When solving algebraic equations, one of the fundamental steps is to isolate the variable you are solving for. This means manipulating the equation so that the variable is alone on one side of the equality sign. The other side of the equation should contain the numbers or expressions that state the value of the isolated variable.

For an equation like \( \frac{3}{4} z = -5\frac{1}{2} \), you want to get \( z \) by itself on one side. To achieve this, you can perform a variety of operations, such as adding, subtracting, multiplying, or dividing both sides of the equation by the same number, which does not change the equation's balance. The key is performing the inverse operation of what is currently being applied to the variable.

In the example, \( z \) is being multiplied by \( \frac{3}{4} \). To undo this multiplication, you multiply both sides by the reciprocal of \( \frac{3}{4} \), which is \( \frac{4}{3} \). This 'cancels out' the \( \frac{3}{4} \) on the left, leaving \( z \) isolated.

Mixed numbers are a combination of a whole number and a fraction. Converting mixed numbers to improper fractions is an essential skill when solving equations with fractions. An improper fraction has a numerator (the top number) that is larger than or equal to its denominator (the bottom number).

The conversion process is straightforward but crucial for carrying out operations such as multiplication or division with fractions. To convert a mixed number to an improper fraction, you multiply the whole number by the denominator of the fractional part, then add the numerator of the fractional part. The resulting sum becomes the new numerator, and you keep the original denominator.

For instance, in our exercise \(-5\frac{1}{2}\), you would multiply 5 (the whole number) by 2 (the denominator) to get 10, and then add 1 (the numerator) to get 11. Thus, \(-5\frac{1}{2}\) is equivalent to \(-\frac{11}{2}\). This conversion is vital to solving the equation in a more uniform manner.

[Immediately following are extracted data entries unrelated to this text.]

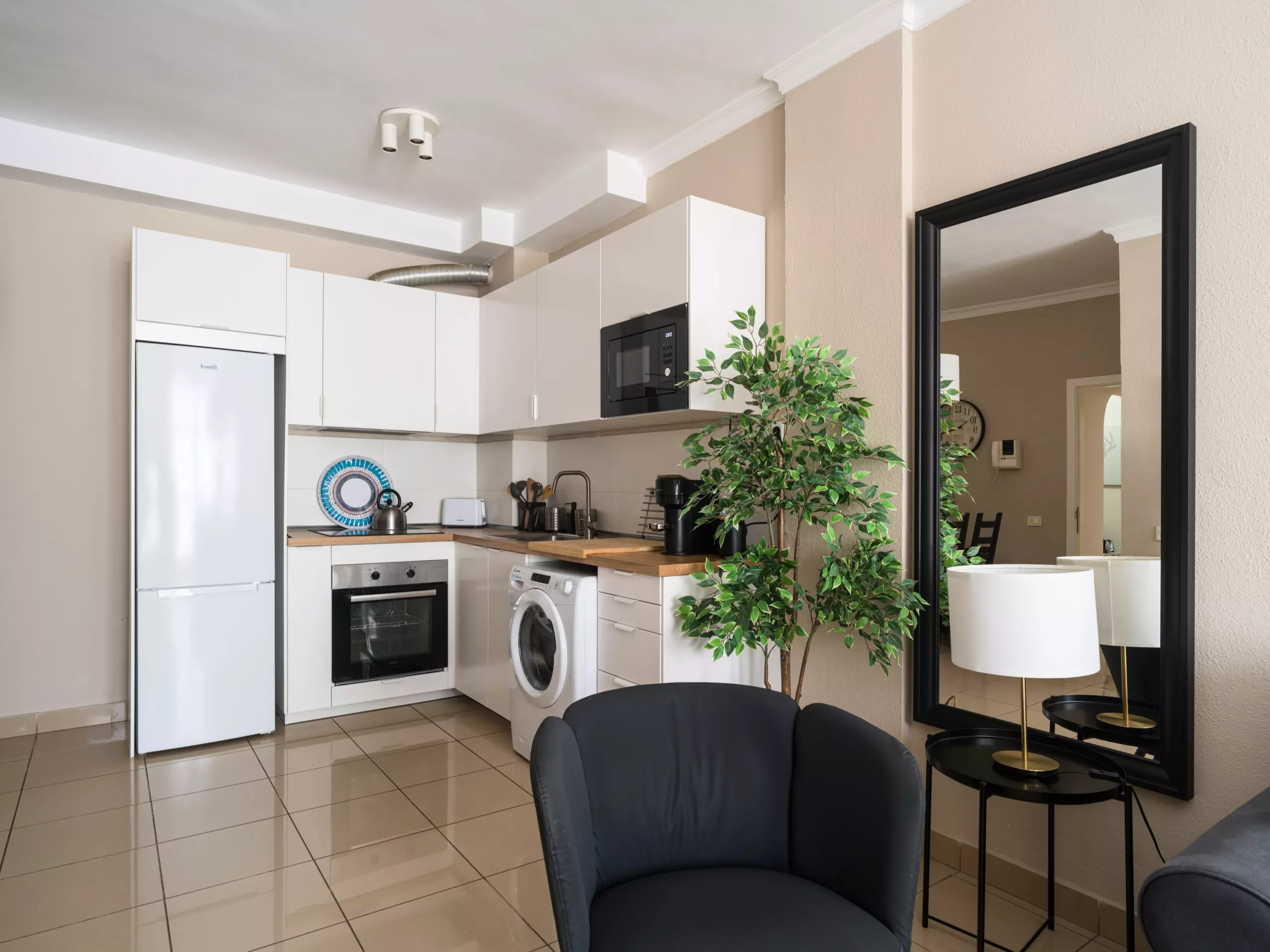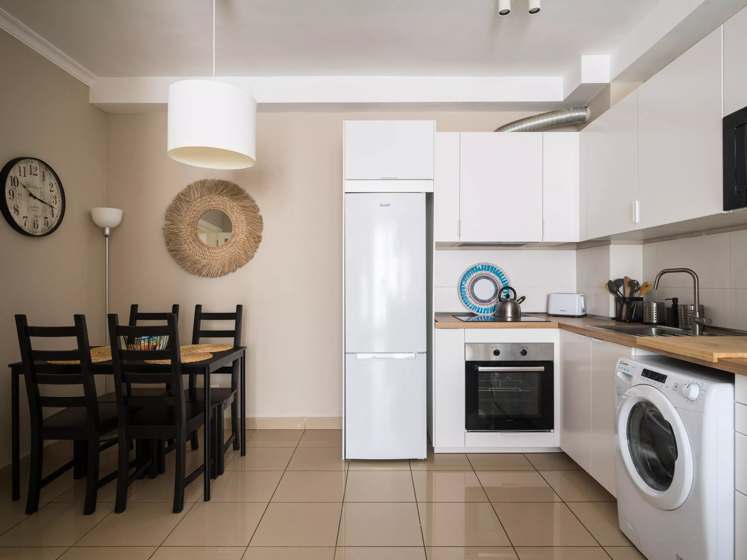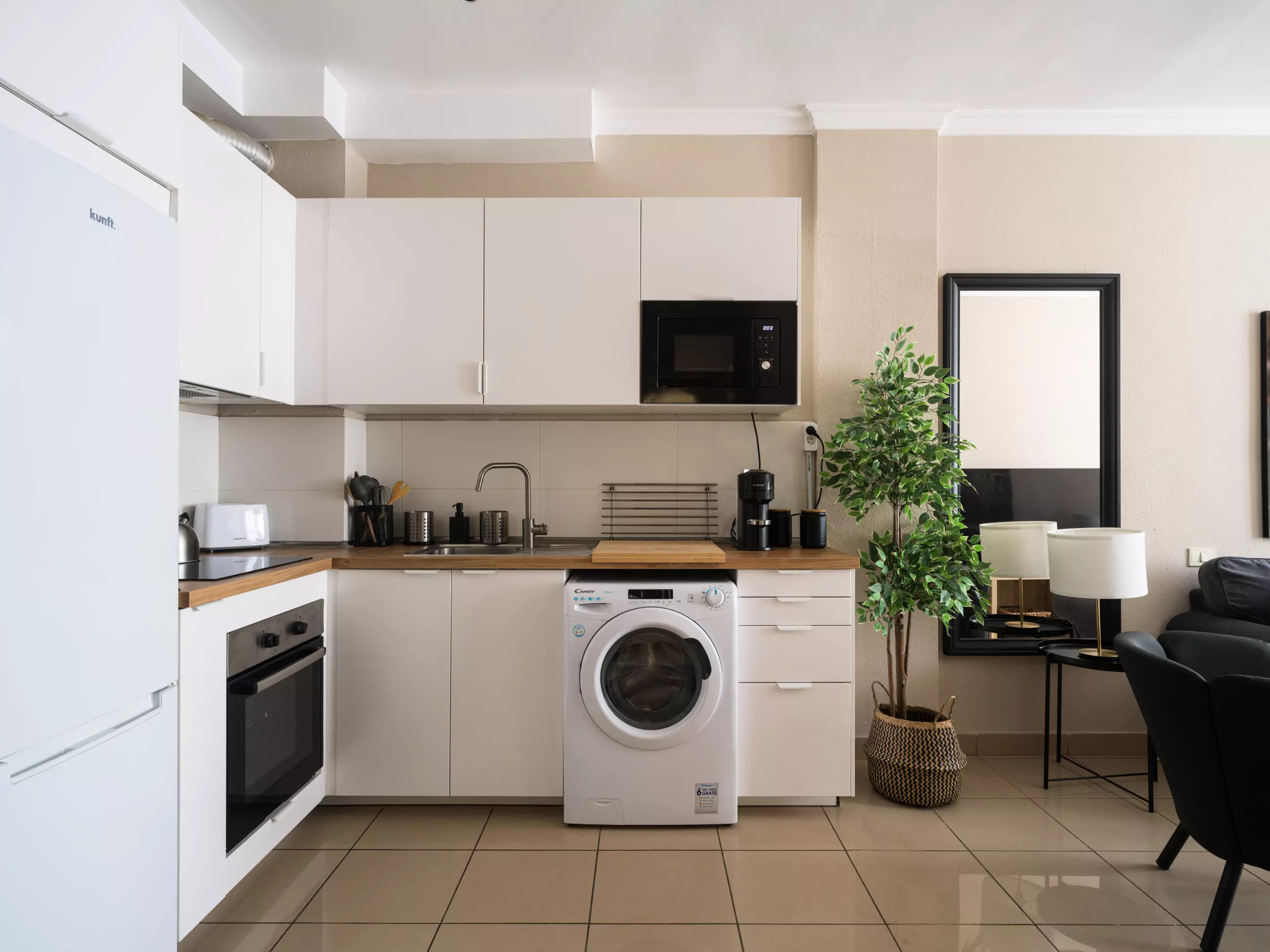 The open-plan kitchen is fully equipped with modern appliances, including a refrigerator, freezer, washing machine, oven, and a full range of kitchen equipment. Perfect for preparing delicious meals and enjoying gourmet moments with family or friends.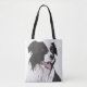This useful tote bag unusual design features my drawing of a black and white Border Collie with blue eyes. The drawing is based on my own pet Gypsy, who was a loyal friend for many years. She blue eyes, but I have also seen Collies with brown eyes, and even one of each!
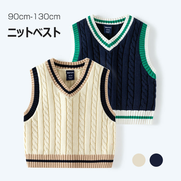 2色 キッズ ライン入り Vネック ニットベスト ベスト セーター 男の子 かわいい ケーブル編み 小学生 幼稚園 通園 通学 おしゃれ 保温 暖かい 紺 ネイビー ベージュ 90cm 100cm 1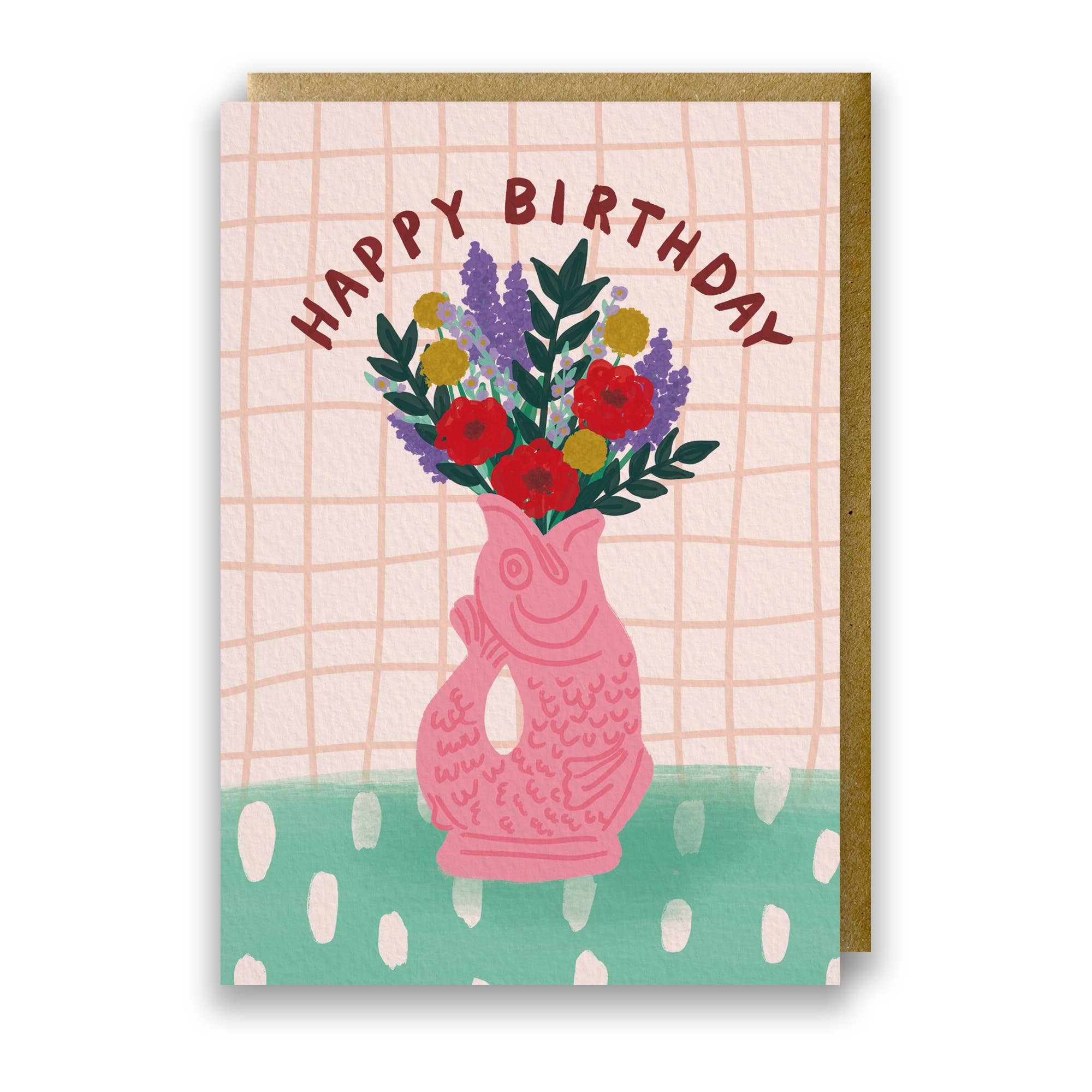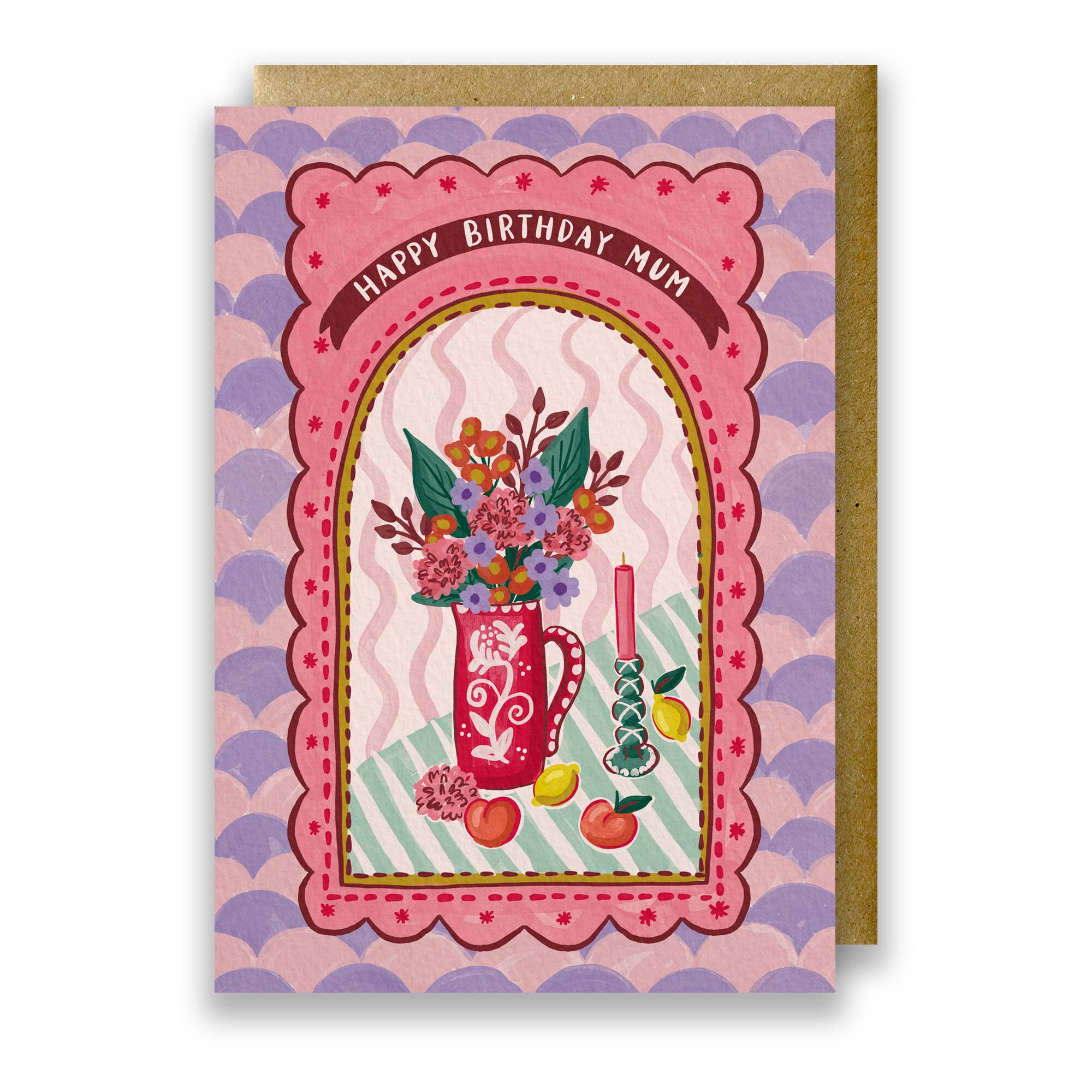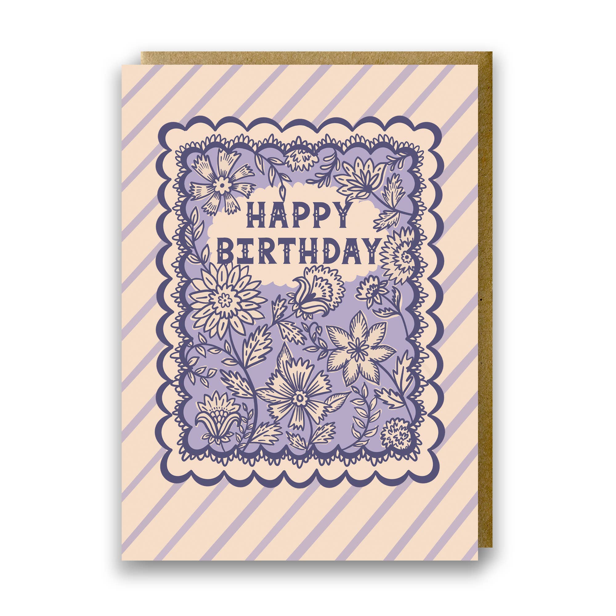 This pretty birthday card is inspired by traditional Indian block prints and the city of Jaipur. The intricate floral illustration has a decorative scallop border with a contrasting stripe background. The hand lettered typography within the flowers reads 'Happy Birthday'. The lush pink palette, graphic stripes and detailed floral print combine to make a stylish and artful card design. This pretty design is part of a large range of illustrated cards inspired by India, entitled 'Jaipur Bloom'. They cover all occasions, from sending love to relations birthdays. The joyful rainbow palette and combination of stripes and florals make these designs a beautiful addition to your card collection. * 5” x 7” size greeting card with kraft envelope * Arrives nested and banded in 6's with a paper band * Premium quality 350gsm matte GF Smith card * FSC certified board * Plastic free packaging * Original illustration * Printed to order in the UK

Multiplication of fractions is a key operation in algebra. The rule for multiplying fractions is simple: you multiply the numerators together to get the new numerator, and multiply the denominators together to get the new denominator.

Unlike addition and subtraction of fractions, there's no need to have a common denominator. To multiply fractions, you follow the formula \( \frac{a}{b} \times \frac{c}{d} = \frac{a \times c}{b \times d} \). This process can also include simplifying the resulting fraction by dividing both the numerator and denominator by their greatest common divisor (GCD).

In our example, the multiplication step required to isolate \( z \) is \(-\frac{11}{2} \times \frac{4}{3}\). The numerators 11 and 4 are multiplied to get 44, and the denominators 2 and 3 are multiplied to get 6, which would then usually be simplified. Since 44 and 6 share a common factor of 2, the fraction would be simplified to \(-\frac{22}{3}\), which is the solution for \( z \).